> [The data]
- - -
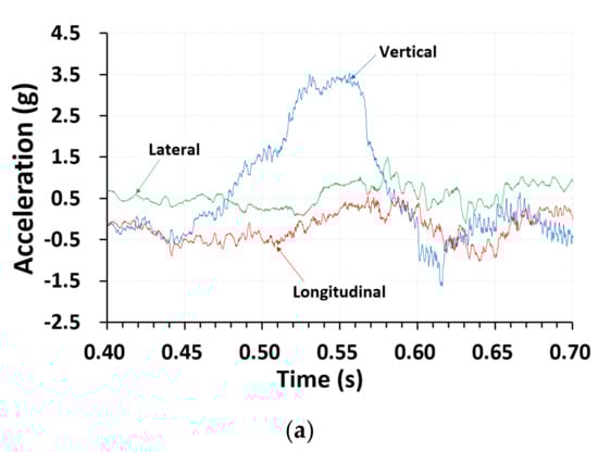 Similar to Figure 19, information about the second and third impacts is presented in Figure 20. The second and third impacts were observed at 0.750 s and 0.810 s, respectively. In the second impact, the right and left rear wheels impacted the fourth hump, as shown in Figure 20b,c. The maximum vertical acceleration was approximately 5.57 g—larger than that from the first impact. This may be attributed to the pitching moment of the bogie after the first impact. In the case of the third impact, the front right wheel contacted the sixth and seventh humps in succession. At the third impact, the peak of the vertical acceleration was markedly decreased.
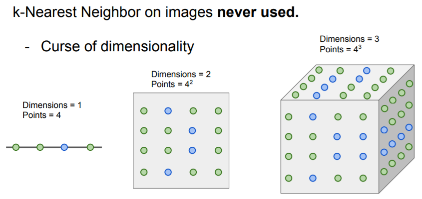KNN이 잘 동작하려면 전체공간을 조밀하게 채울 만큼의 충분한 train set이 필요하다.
- - -
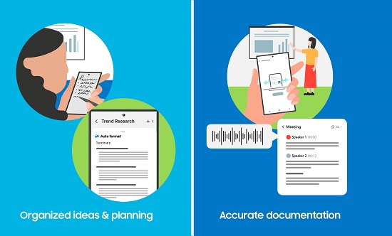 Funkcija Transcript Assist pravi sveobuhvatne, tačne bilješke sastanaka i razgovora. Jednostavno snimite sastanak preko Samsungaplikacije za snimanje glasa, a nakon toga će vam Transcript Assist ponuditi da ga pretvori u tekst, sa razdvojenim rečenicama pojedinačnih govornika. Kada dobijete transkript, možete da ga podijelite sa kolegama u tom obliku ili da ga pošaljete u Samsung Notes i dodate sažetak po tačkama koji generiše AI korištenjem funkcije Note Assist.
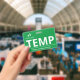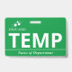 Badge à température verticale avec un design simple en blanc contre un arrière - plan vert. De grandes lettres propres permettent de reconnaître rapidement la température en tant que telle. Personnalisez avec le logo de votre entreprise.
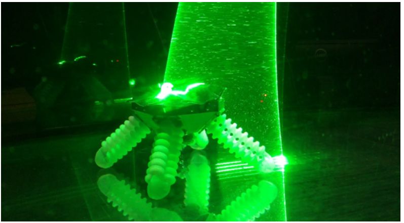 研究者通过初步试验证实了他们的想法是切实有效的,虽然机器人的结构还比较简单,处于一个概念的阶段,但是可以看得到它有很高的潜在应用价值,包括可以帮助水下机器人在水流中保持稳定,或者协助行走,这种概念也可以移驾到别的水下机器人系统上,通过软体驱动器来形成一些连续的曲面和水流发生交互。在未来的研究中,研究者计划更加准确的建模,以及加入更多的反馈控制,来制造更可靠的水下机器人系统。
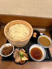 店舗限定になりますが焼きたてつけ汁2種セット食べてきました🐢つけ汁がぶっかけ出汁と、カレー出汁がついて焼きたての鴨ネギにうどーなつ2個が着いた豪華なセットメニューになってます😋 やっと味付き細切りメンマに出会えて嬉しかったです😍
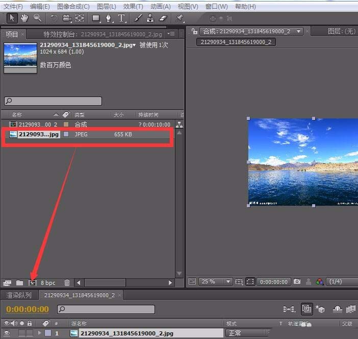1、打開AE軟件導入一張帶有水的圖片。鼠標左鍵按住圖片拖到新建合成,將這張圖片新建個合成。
- - -
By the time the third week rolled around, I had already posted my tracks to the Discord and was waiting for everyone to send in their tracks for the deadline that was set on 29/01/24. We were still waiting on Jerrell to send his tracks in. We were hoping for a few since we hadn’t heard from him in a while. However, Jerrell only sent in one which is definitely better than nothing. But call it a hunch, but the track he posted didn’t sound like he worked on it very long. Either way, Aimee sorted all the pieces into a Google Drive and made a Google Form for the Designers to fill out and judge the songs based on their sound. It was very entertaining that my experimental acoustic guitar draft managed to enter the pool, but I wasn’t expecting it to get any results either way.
- - -
> [Your task]
Please return the data above exactly as it stands from the line with "Funkcija Transcript Assist" to the line with "Badge à température", keeping both of those lines but none of the pictures.

> [Solution to this task]
 Funkcija Transcript Assist pravi sveobuhvatne, tačne bilješke sastanaka i razgovora. Jednostavno snimite sastanak preko Samsungaplikacije za snimanje glasa, a nakon toga će vam Transcript Assist ponuditi da ga pretvori u tekst, sa razdvojenim rečenicama pojedinačnih govornika. Kada dobijete transkript, možete da ga podijelite sa kolegama u tom obliku ili da ga pošaljete u Samsung Notes i dodate sažetak po tačkama koji generiše AI korištenjem funkcije Note Assist.
 Badge à température verticale avec un design simple en blanc contre un arrière - plan vert. De grandes lettres propres permettent de reconnaître rapidement la température en tant que telle. Personnalisez avec le logo de votre entreprise.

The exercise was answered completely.